Manusia bisa menjadi orang maju, bisa menjadi orang yang semakin baik justru karena ia mendengarkan kritik dan saran dari orang lain. Bisa menerima dengan lapang dada saran orang lain. Setidaknya jika tidak terima cukuplah diam, tidak usah membalas dengan ucapan yang mengkerdilkan orang lain. Dan perlu diketahui, dalam kritik seseorang ada penilaian paling jujur untuk diri kita, dan itulah yang paling kita butuhkan. Kita tahu letak salah kita dengarkan bagaimana seharusnya kita bersikap dan buat strategi untuk mengubah/memperbaiki kesalahan kita.

Manusia disebut sempurna karena ia bisa melakukan kesalahan dan kebenaran. Dan perlu diingat, kita tak punya hak untuk menilai dengan hina orang lain. Ketika kau hanya melihat seklias kita sama sekali tak punya hak untuk meremehkannya, apa lagi langsung menilai dengan buruk. Karena ketika kita hanya melihat sekilas itu yang nampak dimata kita hanya sedikit, ibarat kue apa yang kita lihat hanya pembungkusnya. Kita tak tahu bagaimana aroma didalamnya.

Kali ini tidak hanya untuk ustad, ini global untuk semua pihak. Ketika manusia memiliki ilmu maka makin merendahlahlah hatinya seperti padi yang berisi. Karena saat itu ia sadar bahwa ia begitu kecil di bumi Allah yang luas. Dan lagi manusia disebut orang berilmu apabila ia bisa mencerminkan ilmu yang dia dapat dalam akhlaqnya. Karena ilmu tidak hanya mampir di otak. Ia masuk ke hati dan membuat manusia semakin lama semakin berpikir.

“DON’T JUDGE  A BOOK BY THE COVER” ini kalimat klasik, siapapun manusia yang memberi nasehat pada kita, tua atau muda, kaya atau miskin, preman atau ustad, pedagang atau karyawan, bos atau pegawai. Selama nasehat yang mereka berikan adalah hal yang positif tidak ada salahnya bukan meletakkan nasehat tersebut sebagai jalan untuk memperbaiki diri?.

Kita perlu sebuah nasehat, kita perlu sebuah kritik, kita perlu saran, karena manusia itu perlu berubah dari buruk menjadi baik, dari baik menjadi lebih baik lagi.

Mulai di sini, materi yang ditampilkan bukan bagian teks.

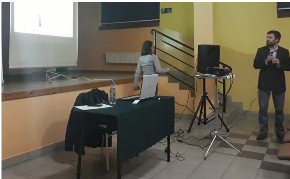
Dnia 24 września o godzinie 18:00 odbyło się spotkanie informujące w ramach programu „Czyste powietrze”

Program Priorytetowy Czyste Powietrze to możliwość uzyskania wsparcia finansowego przez osoby fizyczne, właścicieli domów jednorodzinnych na ocieplenie domu, wymianę okien czy na wymianę starego, wysoko-emisyjnego kotła grzewczego.
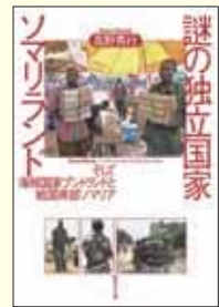
謎の独立国家ソマリランド そして海賊国家プントランドと戦国南部ソマリア 高野秀行 著(集英社文庫)

ソマリランドという国をご存知だろうか。いや正確には国と国連からも認められてはいないので語弊があるが、内戦などで体制が崩壊しているソマリ連邦共和国内に存在する民主主義国家なのだ。ソマリアといえば海賊に対し自衛隊が派遣されたことをニュースで見たくらいの知識しかなかったが、紛争地域であるソマリアのなかに安定した民主主義を築いている場所があるというから驚きだ。それを確かめるべく現地に赴いた著者渾身のルポター
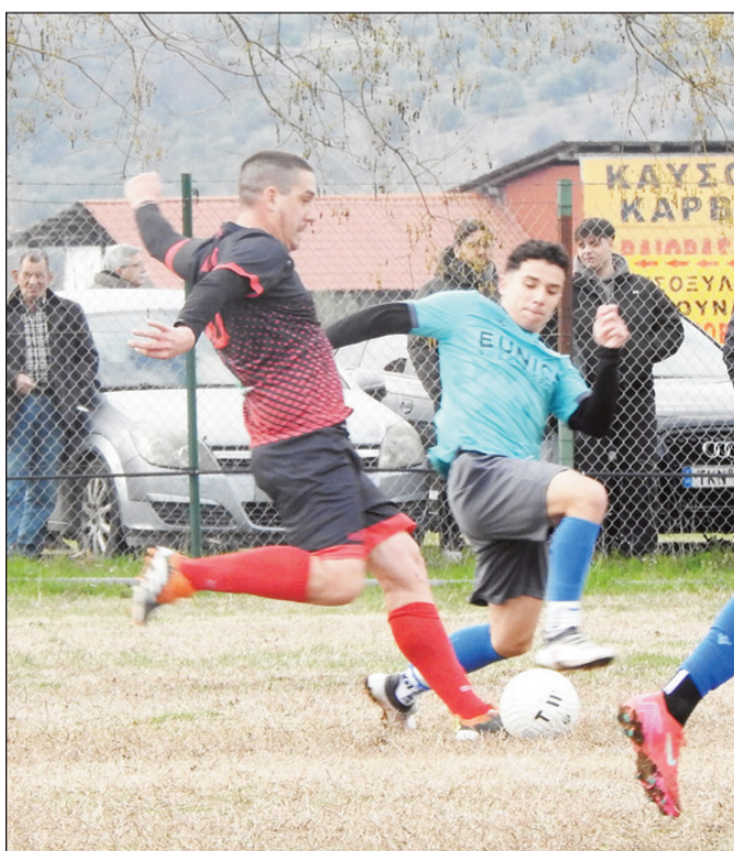
Νικηφόρα πέρασε από την Δήμητρα η ΑΕΤ
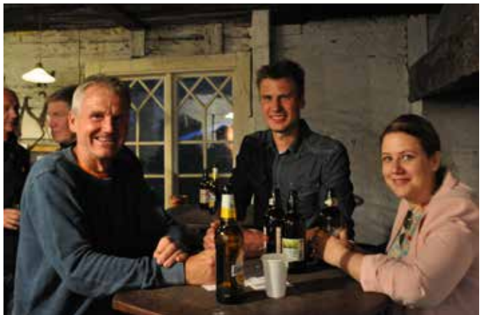
En öl är aldrig fel.

Jika ada yang merasa tersinggung dengan tulisan ini saya mohon maaf sebesar-besarnya. Tak ada maksud untuk merasa lebih baik dari pada yang lain, dan lagi sama sekali tak ada maksud untuk menuding secara individual, ini murni untuk saya khusunya, dan umumnya untuk semua kalangan. Saya mohon maaf jika tulisan ini membuat ada beberapa pihak yang tersakiti. Dan salam persaudaraan untuk anda semua. Wassalam.